Conventional Treatment Of Cervical Dysplasia And Cancer
The success rate of treating early-stage cervical dysplasia is extremely high. During treatment, a physician will attempt to remove the abnormal cells through a variety of methods, including cryotherapy, or freezing the cells to destroy them.
Alternatively, a procedure called loop electrosurgical excision may be performed. During this procedure, a thin wire loop with an electrical current is used to remove a cone-shaped piece of tissue. Women treated with loop excision are likely to convert to HPV-negative status, which eliminates the risk for HPV-related cervical dysplasia and cancer (Aschkenazi-Steinberg 2005). If a larger area of the cervix contains abnormal cells, a gynecologist may perform a surgical procedure called cervical conization to remove all the abnormal cells.

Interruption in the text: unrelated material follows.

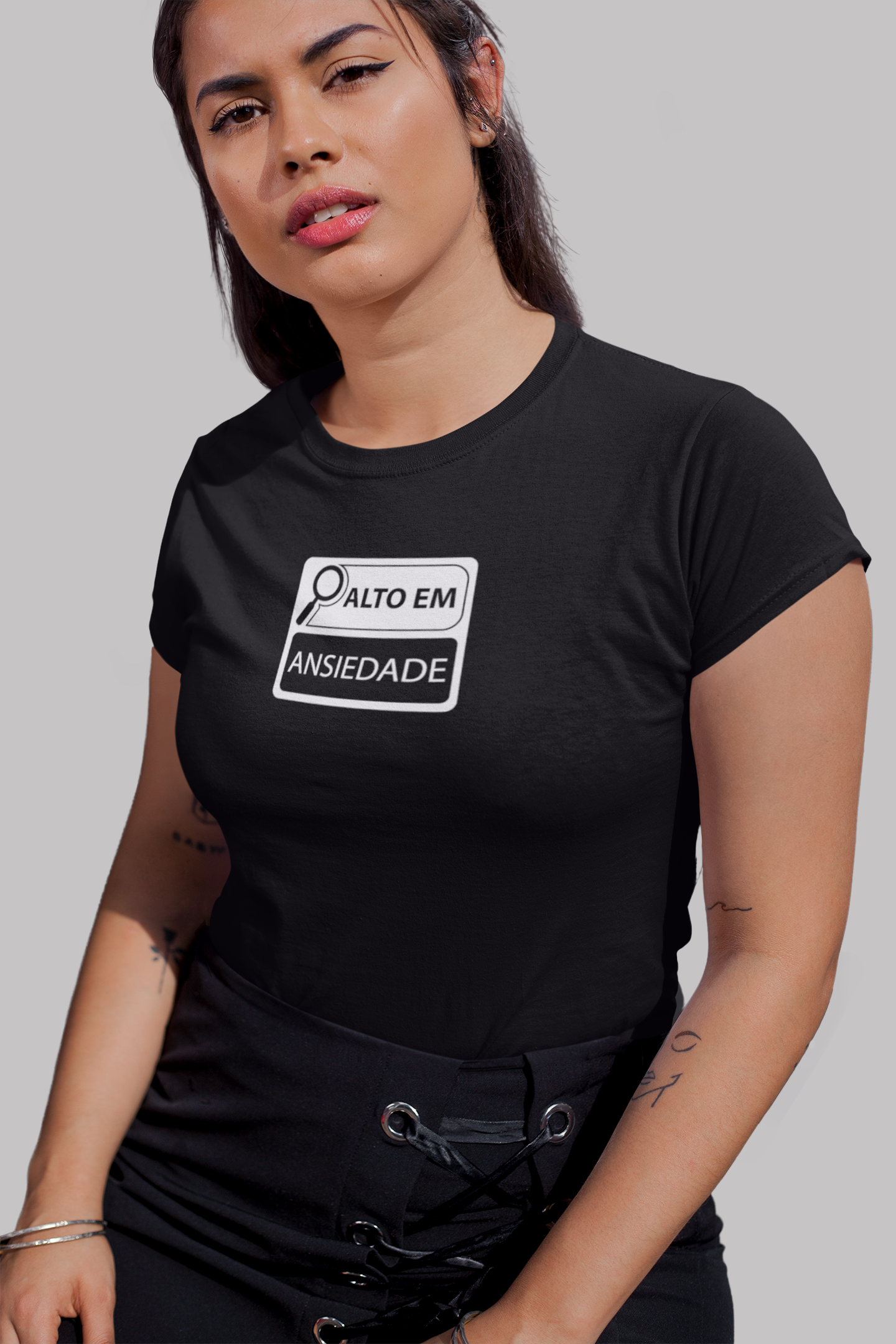 Camiseta feminina quality com a estampa "alto em ansiedade".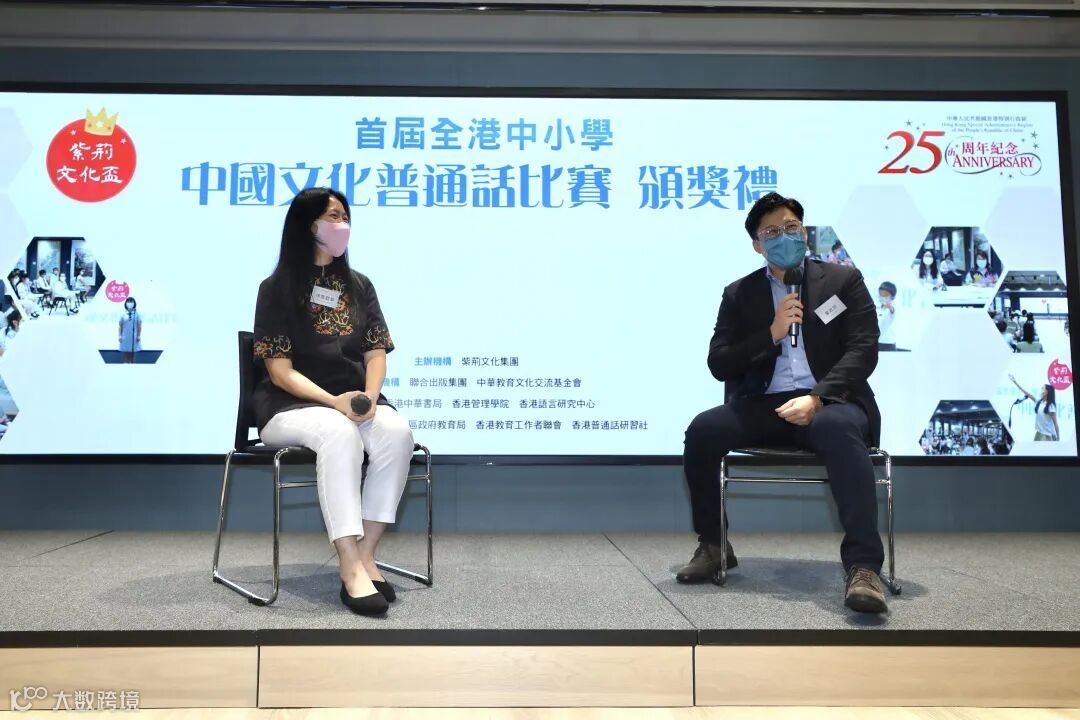 立法會議員霍啟剛先生及福建中學附屬學校校長徐區懿華女士在對談環節以「普通話能力與學生成長」為題,分享到良好的普通話能力有助學生了解國情及升學就業,鼓勵學生趁早培養普通話能力,多聽多說,為未來打好根基。

In case of high-grade CIN, or if previous surgeries left too little cervical tissue, a hysterectomy may be recommended (Das 2005). In rare advanced cases, all the organs of the pelvis can be removed in a procedure called pelvic exenteration. Except for hysterectomy or pelvic exenteration, the surgical choices typically allow a woman to carry a child in future pregnancies.
Sometimes radiation or chemotherapy is required in addition to surgery for cancers that are recurrent or have spread beyond the pelvis. Survival rates depend on the stage of the cancer. With treatment, five-year survival rates are 80 to 85 percent for cervical and uterine tumors, 60 to 80 percent for tumors involving the upper part of the vagina, 30 to 50 percent for tumors still retained in the pelvis, and 14 percent when cancer has invaded the bladder or rectum or metastasized outside the pelvis.